The infographic shows that global N2O emissions increased by a net 4.3m tonnes a year, on average, from 2007-16. This figure includes N2O emissions from both natural and human-caused sources.
In that time, human-caused N2O emissions rose to 7.3m tonnes per year. This is 30% higher than four decades ago, the study says.
More than half of human-caused N2O emissions come from agriculture. The main driver of these emissions are nitrogen fertilisers, which are routinely sprayed overfood crops in order to boost yields.
Fertiliser application on crops has increased nine-fold worldwide since 1961, according to a recent landmark report on land and climate change from the Intergovernmental Panel on Climate Change (IPCC) released in 2019.
However, a growing demand for meat and dairy products is also a driver of increasing agricultural emissions, the researchers say in their paper:
"Growing demand for meat and dairy products has substantially increased global N2O emissions from livestock manure production and management associated with the expansion of pastures and grazing land."
The assessment shows that, since the 1980s, agricultural N2O emissions have been rising the fastest in East and South Asia, South America and Africa.
Meanwhile, agricultural N2O emissions in North America have stayed consistently high, while Europe has seen a small dip in its agricultural N2O emissions.
Outpaced
As part of their analysis, the scientists explored how current N2O emissions compare with those from the scenarios used to make future projections about climate change.
These include the "Representative Concentration Pathways" (RCPs) and the "Shared Socioeconomic Pathways" (SSPs).
Chart A below shows how global N2O emissions compare with projected emissions from the RCPs. Chart C, meanwhile, shows how global concentrations of N2O compare to projected concentrations from the RCPs.
(RCP2.6 is a scenario where the world successfully limits global warming to below 2C, whereas RCP8.5 is a scenario of very high emissions, where temperatures could rise by around 4.3C or more by the end of the century.)
Chart B shows how global N2O emissions compare with projected emissions from the SSPs, while chart D shows how global concentrations of N2O compare to projected concentrations from the SSPs.
(SSP3 is a scenario where countries do little to cooperate on climate action, whereas SSP1 is a scenario where the world shifts its focus to meeting climate targets.)
On the charts, the black line shows average N2O emissions, whereas the blue line shows "bottom-up" estimates and the yellow line shows "top-down" estimates. (Bottom-up estimates are based on country inventory data, whereas top-up estimates are obtained from global models and satellite data.)
in order to limit global warming to below 2C, N2O emissions will need to be rapidly reduced in the coming decades, explains study author Dr Pep Canadell, chief research scientist at the Commonwealth Scientific and Industrial Research Organisation (CSIRO) Climate Research Centre in Australia and executive director of the Global Carbon Project.
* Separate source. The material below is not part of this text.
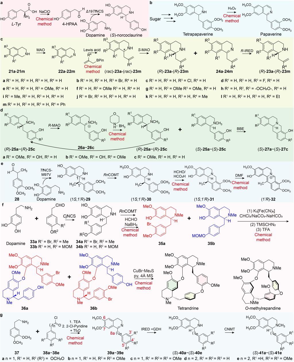 近年来,随着基因组学、转录组学和代谢组学技术的进步,研究人员解析了多个THIAs的天然合成途径,特别是秋水仙碱、加兰他敏和原吐根碱(图1),为此类化合物的微生物异源合成提供了坚实的基础。通过结合蛋白质工程、辅因子工程和全局优化工程等手段,成功在大肠杆菌和酿酒酵母中实现了多种THIAs的高效合成,如吗啡、诺司卡品和血根碱等。通过构建人工多酶级联反应,简化了天然产物的合成步骤,有效地提高了终产物产量(图2)。此外,化学酶级联反应也为THIAs的合成提供了新的思路,结合化学合成和酶催化的优势,实现了复杂分子的高效合成(图3)。尽管目前仍面临THIAs在微生物异源合成产量低等挑战,但通过新酶挖掘、辅因子工程、模块化调控和设计人工多酶级联反应等策略,未来有望实现THIAs的工业化生产。这项研究为THIAs的高效生物合成提供了新的思路,预示着未来通过微生物工厂大规模生产这些高价值化合物的可能性。

He tells Carbon Brief:
"The global food system will always leak some N2O given there are no alternatives to nitrogen fertiliser for growing so much of the food we eat. However, we must become much more efficient in the way we use it, which will lead to significant emission reductions."
The findings reinforce the message that the world needs to change its eating habits in order to tackle climate change, says Prof Pete Smith, chair of plant and soil science at the University of Aberdeen, who was not involved in the research. He tells Carbon Brief:
"The study underlines that we must find more efficient ways of producing food, with lower nitrogen inputs and emissions per unit of product. But also, we must redesign our current food system so that it can feed us all within 'planetary boundaries' by reducing reliance on inefficient supply chains such as meat and dairy and by dramatically reducing food waste."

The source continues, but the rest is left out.